Когда он сказал: "Я разбил Лильку", Наташино воображение озарилось всполохом: искрящаяся крошечными радугами тонкая вазочка выскальзывает из рук… Она бросилась к выключателю, и зажгла свет. Ей удалось даже не вскрикнуть, как сделала бы любая женщина, хотя от вида кровоподтеков на лице сына, ее бросило в жар. Даже в такую секунду Наташа не могла забыть о непозволительности для нее быть похожей на "любую". И десять лет спустя, она оставалась (по крайней мере, в собственном сознании) возлюбленной гения, которая не может дать себе поблажку.

"Игорем я предала и себя, и Яна. И музыку. Променяла орган на шутовской колпак. Для чего? Чтобы клоун посмеялся надо мной, как и надо всем остальным?" — обида острой изжогой разливалась у горла, как бывало в те незабываемые времена, когда Наташа вынашивала сына. Своего единственного…

Труднее всего было перенести то, что по ее вине Саше досталось столько боли. Разбитое лицо и ободранные ладони отвлекали на себя лишь мизерную ее часть. Он так ничего и не сказал о том, как Лилька оказалась на мотоцикле вместе с ним, и куда они направлялись. Допытываться Наташа не стала. Только сказала:

— Тебе нужно прилечь. После шока требуется время, чтобы прийти в себя.

— Ты не спрашиваешь, жива ли она? — сын посмотрел на нее со злостью.

Наташа спокойно заметила:

— Если б она погибла, ты начал бы с этого.

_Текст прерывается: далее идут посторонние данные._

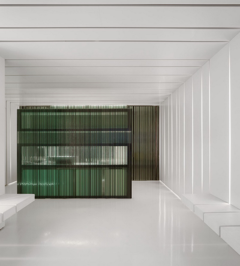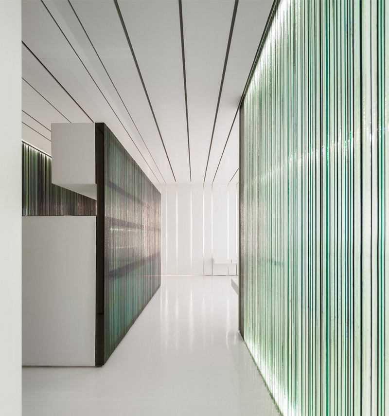 Стоматологическая клиника отделена от внешнего мира зеленоватой полосатой стеклянной стеной.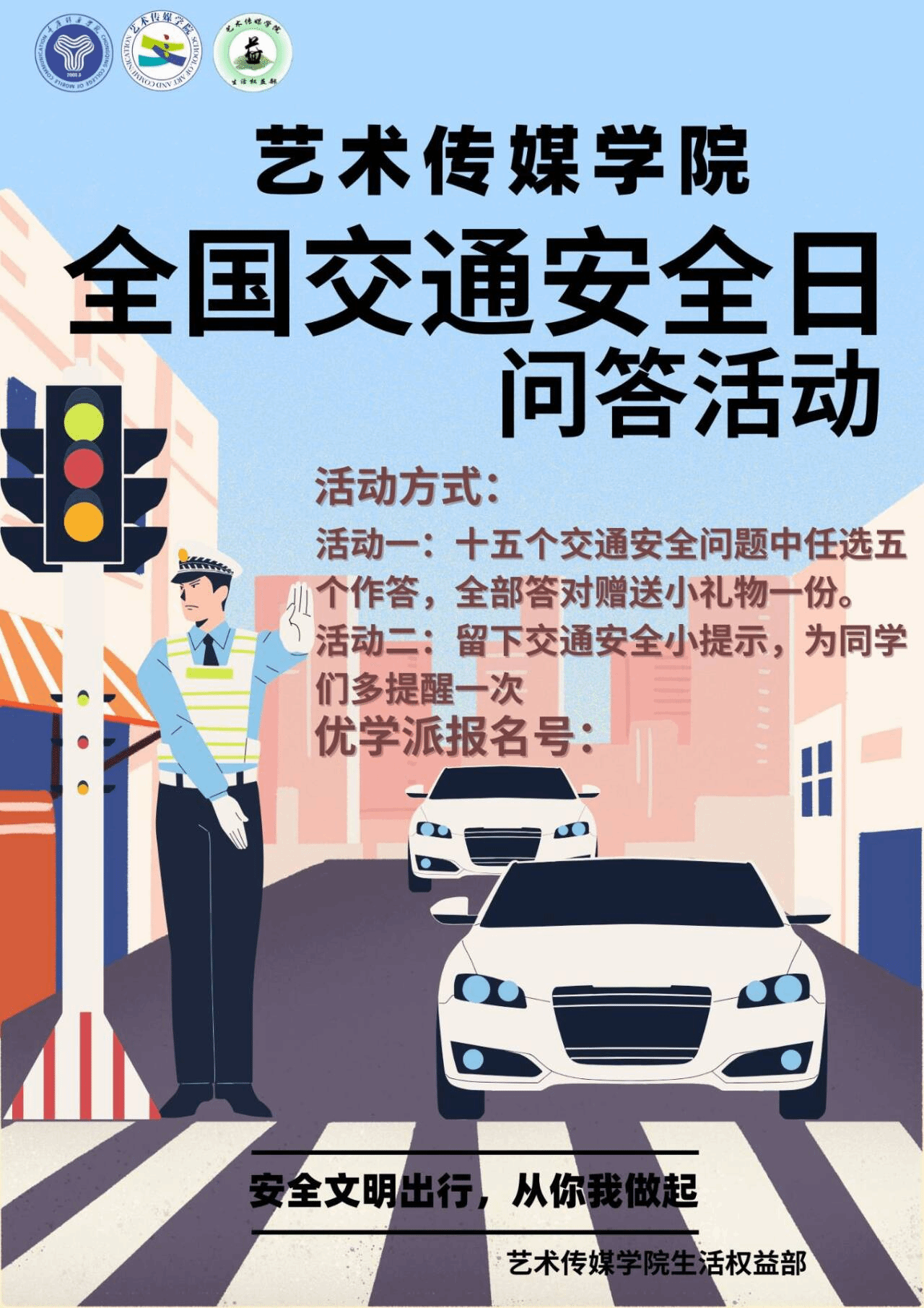 为提高艺术传媒学院学子的艺术修养和综合素质,更好的了解交通安全知识,培养同学们的交通安全意识。艺术传媒学院生活权益部在12月5日下午14:00-18:00在第八教学楼门口特举办此次“全国交通安全日”问答活动。此次活动由合川校区艺术传媒学院全体学子参加。

Взгляд его ничуть не смягчился, и Наташа поняла: придется смириться с тем, что какое-то время Саша будет вымещать на ней свою злость на себя. В этом она охотно соглашалась походить на любую из матерей.

— У меня есть травяной чай, — предложила она. — Хочешь?

— Нет! Какой еще чай? Хотя… Ладно, давай. Он не противный?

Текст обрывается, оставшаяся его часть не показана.